◆ Work item:
Return the full listing unchanged, excluding any images it contains.

◆ Records provided:
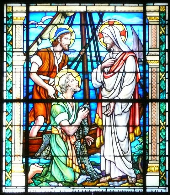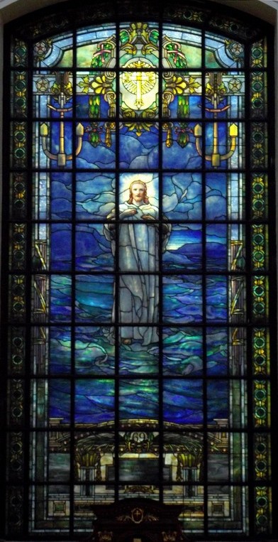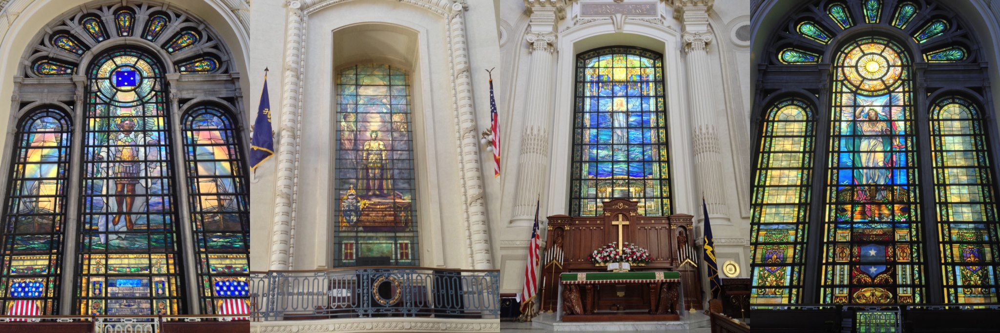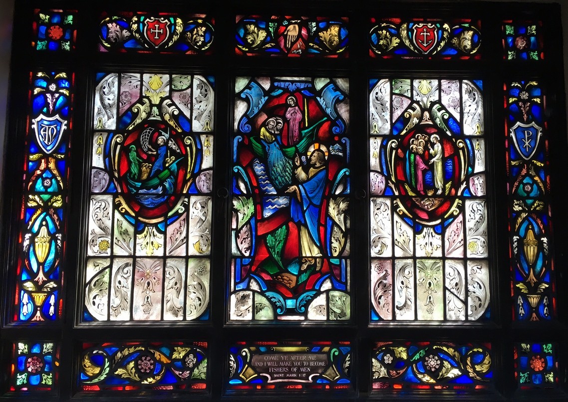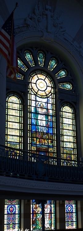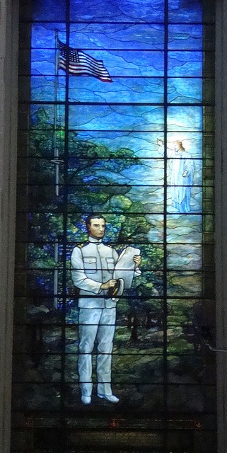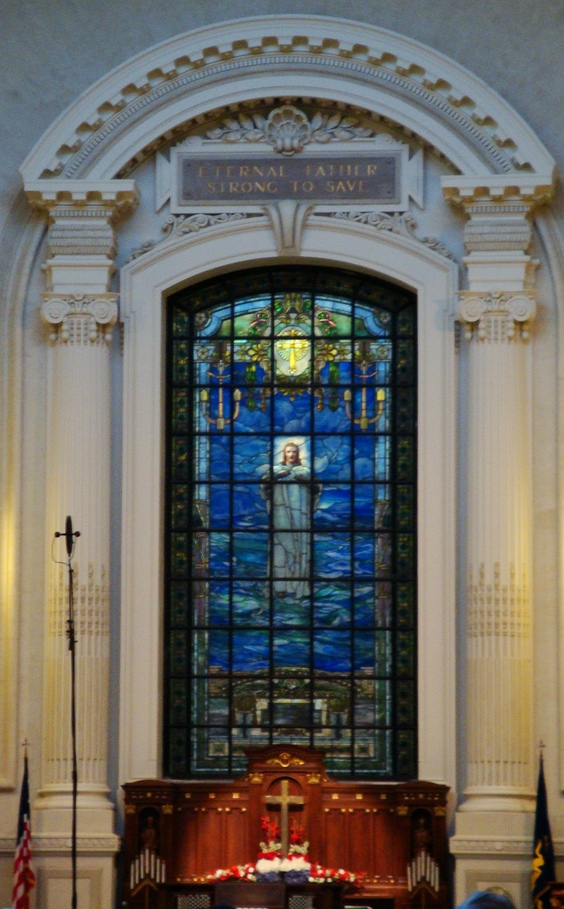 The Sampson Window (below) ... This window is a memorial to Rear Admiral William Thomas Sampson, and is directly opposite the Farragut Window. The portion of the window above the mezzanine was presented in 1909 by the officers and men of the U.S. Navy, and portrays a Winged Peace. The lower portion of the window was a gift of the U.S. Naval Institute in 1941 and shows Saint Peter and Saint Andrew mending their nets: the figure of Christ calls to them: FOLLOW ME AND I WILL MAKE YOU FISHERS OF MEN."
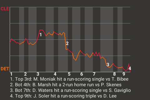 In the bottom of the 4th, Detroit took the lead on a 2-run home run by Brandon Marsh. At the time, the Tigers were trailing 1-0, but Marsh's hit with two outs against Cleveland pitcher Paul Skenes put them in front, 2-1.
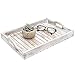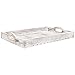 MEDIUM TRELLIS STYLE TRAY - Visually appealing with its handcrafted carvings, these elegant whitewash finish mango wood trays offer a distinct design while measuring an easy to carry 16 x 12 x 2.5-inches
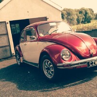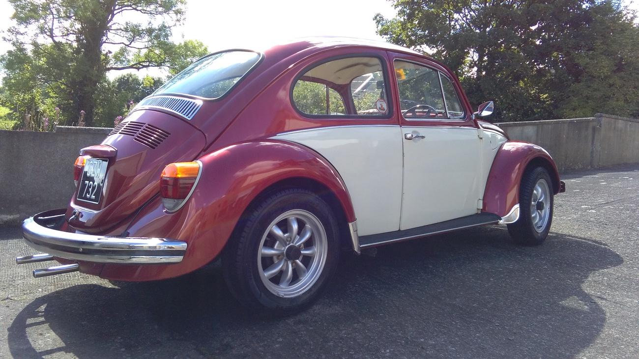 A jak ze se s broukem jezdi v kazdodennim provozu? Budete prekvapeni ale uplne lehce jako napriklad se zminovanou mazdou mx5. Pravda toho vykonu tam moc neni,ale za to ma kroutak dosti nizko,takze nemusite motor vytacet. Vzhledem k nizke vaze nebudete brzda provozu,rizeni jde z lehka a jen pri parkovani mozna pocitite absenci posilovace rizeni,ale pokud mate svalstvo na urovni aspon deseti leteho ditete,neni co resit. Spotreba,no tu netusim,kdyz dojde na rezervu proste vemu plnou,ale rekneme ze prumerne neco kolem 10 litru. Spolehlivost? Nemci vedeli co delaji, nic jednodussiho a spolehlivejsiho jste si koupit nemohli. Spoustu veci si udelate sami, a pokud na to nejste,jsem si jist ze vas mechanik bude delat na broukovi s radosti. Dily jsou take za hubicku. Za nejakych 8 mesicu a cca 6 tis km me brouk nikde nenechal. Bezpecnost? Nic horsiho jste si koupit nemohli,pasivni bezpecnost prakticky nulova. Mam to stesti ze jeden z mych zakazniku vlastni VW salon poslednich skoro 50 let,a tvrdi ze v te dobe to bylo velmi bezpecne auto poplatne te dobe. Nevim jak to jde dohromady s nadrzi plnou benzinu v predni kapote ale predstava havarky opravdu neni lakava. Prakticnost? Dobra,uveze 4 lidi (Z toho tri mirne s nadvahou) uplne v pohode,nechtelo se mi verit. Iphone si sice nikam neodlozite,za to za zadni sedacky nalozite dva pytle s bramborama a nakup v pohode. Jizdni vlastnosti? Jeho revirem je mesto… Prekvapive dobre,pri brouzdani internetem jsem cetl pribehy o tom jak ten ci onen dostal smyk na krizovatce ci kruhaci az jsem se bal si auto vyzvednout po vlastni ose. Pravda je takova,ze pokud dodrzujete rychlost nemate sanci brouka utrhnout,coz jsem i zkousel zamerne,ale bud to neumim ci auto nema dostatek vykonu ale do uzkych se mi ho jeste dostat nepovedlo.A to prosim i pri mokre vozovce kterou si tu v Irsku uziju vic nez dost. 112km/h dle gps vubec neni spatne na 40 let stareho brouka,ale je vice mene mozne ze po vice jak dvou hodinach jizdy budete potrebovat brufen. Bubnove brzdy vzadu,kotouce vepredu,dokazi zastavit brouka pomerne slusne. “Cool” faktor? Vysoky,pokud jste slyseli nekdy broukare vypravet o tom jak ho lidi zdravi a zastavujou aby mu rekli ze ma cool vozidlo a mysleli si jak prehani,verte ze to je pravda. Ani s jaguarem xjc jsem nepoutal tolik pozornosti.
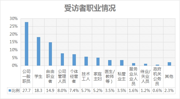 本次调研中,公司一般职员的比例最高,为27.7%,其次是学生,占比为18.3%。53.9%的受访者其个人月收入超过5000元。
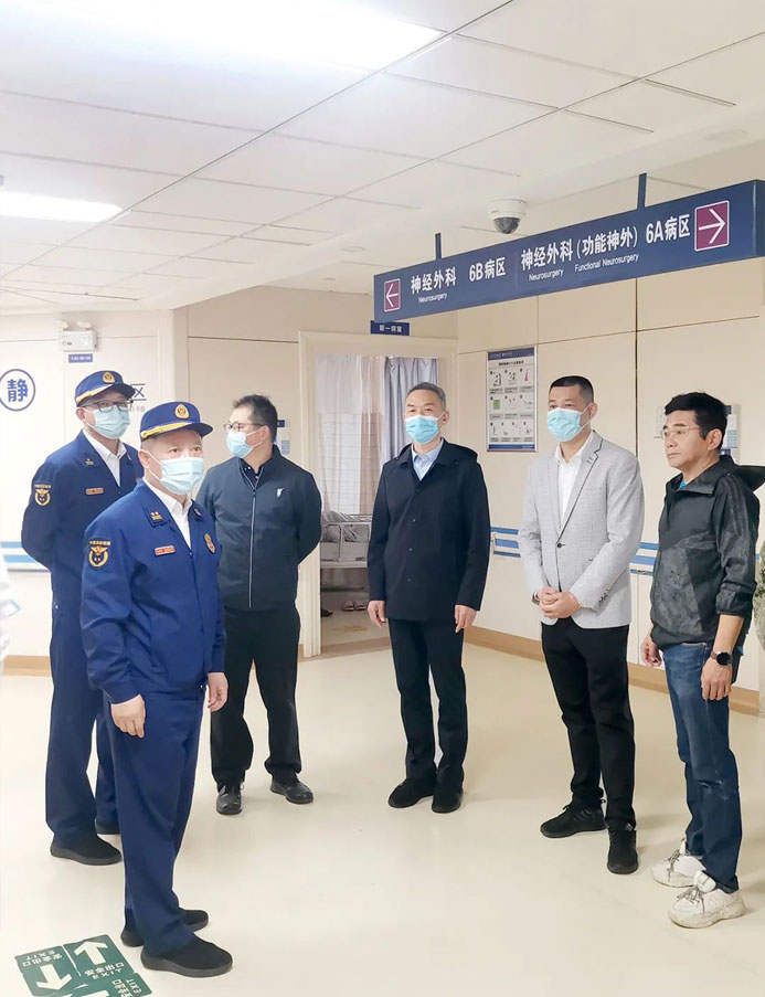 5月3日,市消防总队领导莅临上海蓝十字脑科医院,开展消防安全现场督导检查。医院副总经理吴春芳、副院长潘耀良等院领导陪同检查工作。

◆ Output of the task:
 The Sampson Window (below) ... This window is a memorial to Rear Admiral William Thomas Sampson, and is directly opposite the Farragut Window. The portion of the window above the mezzanine was presented in 1909 by the officers and men of the U.S. Navy, and portrays a Winged Peace. The lower portion of the window was a gift of the U.S. Naval Institute in 1941 and shows Saint Peter and Saint Andrew mending their nets: the figure of Christ calls to them: FOLLOW ME AND I WILL MAKE YOU FISHERS OF MEN."
 In the bottom of the 4th, Detroit took the lead on a 2-run home run by Brandon Marsh. At the time, the Tigers were trailing 1-0, but Marsh's hit with two outs against Cleveland pitcher Paul Skenes put them in front, 2-1.
 MEDIUM TRELLIS STYLE TRAY - Visually appealing with its handcrafted carvings, these elegant whitewash finish mango wood trays offer a distinct design while measuring an easy to carry 16 x 12 x 2.5-inches
 A jak ze se s broukem jezdi v kazdodennim provozu? Budete prekvapeni ale uplne lehce jako napriklad se zminovanou mazdou mx5. Pravda toho vykonu tam moc neni,ale za to ma kroutak dosti nizko,takze nemusite motor vytacet. Vzhledem k nizke vaze nebudete brzda provozu,rizeni jde z lehka a jen pri parkovani mozna pocitite absenci posilovace rizeni,ale pokud mate svalstvo na urovni aspon deseti leteho ditete,neni co resit. Spotreba,no tu netusim,kdyz dojde na rezervu proste vemu plnou,ale rekneme ze prumerne neco kolem 10 litru. Spolehlivost? Nemci vedeli co delaji, nic jednodussiho a spolehlivejsiho jste si koupit nemohli. Spoustu veci si udelate sami, a pokud na to nejste,jsem si jist ze vas mechanik bude delat na broukovi s radosti. Dily jsou take za hubicku. Za nejakych 8 mesicu a cca 6 tis km me brouk nikde nenechal. Bezpecnost? Nic horsiho jste si koupit nemohli,pasivni bezpecnost prakticky nulova. Mam to stesti ze jeden z mych zakazniku vlastni VW salon poslednich skoro 50 let,a tvrdi ze v te dobe to bylo velmi bezpecne auto poplatne te dobe. Nevim jak to jde dohromady s nadrzi plnou benzinu v predni kapote ale predstava havarky opravdu neni lakava. Prakticnost? Dobra,uveze 4 lidi (Z toho tri mirne s nadvahou) uplne v pohode,nechtelo se mi verit. Iphone si sice nikam neodlozite,za to za zadni sedacky nalozite dva pytle s bramborama a nakup v pohode. Jizdni vlastnosti? Jeho revirem je mesto… Prekvapive dobre,pri brouzdani internetem jsem cetl pribehy o tom jak ten ci onen dostal smyk na krizovatce ci kruhaci az jsem se bal si auto vyzvednout po vlastni ose. Pravda je takova,ze pokud dodrzujete rychlost nemate sanci brouka utrhnout,coz jsem i zkousel zamerne,ale bud to neumim ci auto nema dostatek vykonu ale do uzkych se mi ho jeste dostat nepovedlo.A to prosim i pri mokre vozovce kterou si tu v Irsku uziju vic nez dost. 112km/h dle gps vubec neni spatne na 40 let stareho brouka,ale je vice mene mozne ze po vice jak dvou hodinach jizdy budete potrebovat brufen. Bubnove brzdy vzadu,kotouce vepredu,dokazi zastavit brouka pomerne slusne. “Cool” faktor? Vysoky,pokud jste slyseli nekdy broukare vypravet o tom jak ho lidi zdravi a zastavujou aby mu rekli ze ma cool vozidlo a mysleli si jak prehani,verte ze to je pravda. Ani s jaguarem xjc jsem nepoutal tolik pozornosti.
 本次调研中,公司一般职员的比例最高,为27.7%,其次是学生,占比为18.3%。53.9%的受访者其个人月收入超过5000元。
 5月3日,市消防总队领导莅临上海蓝十字脑科医院,开展消防安全现场督导检查。医院副总经理吴春芳、副院长潘耀良等院领导陪同检查工作。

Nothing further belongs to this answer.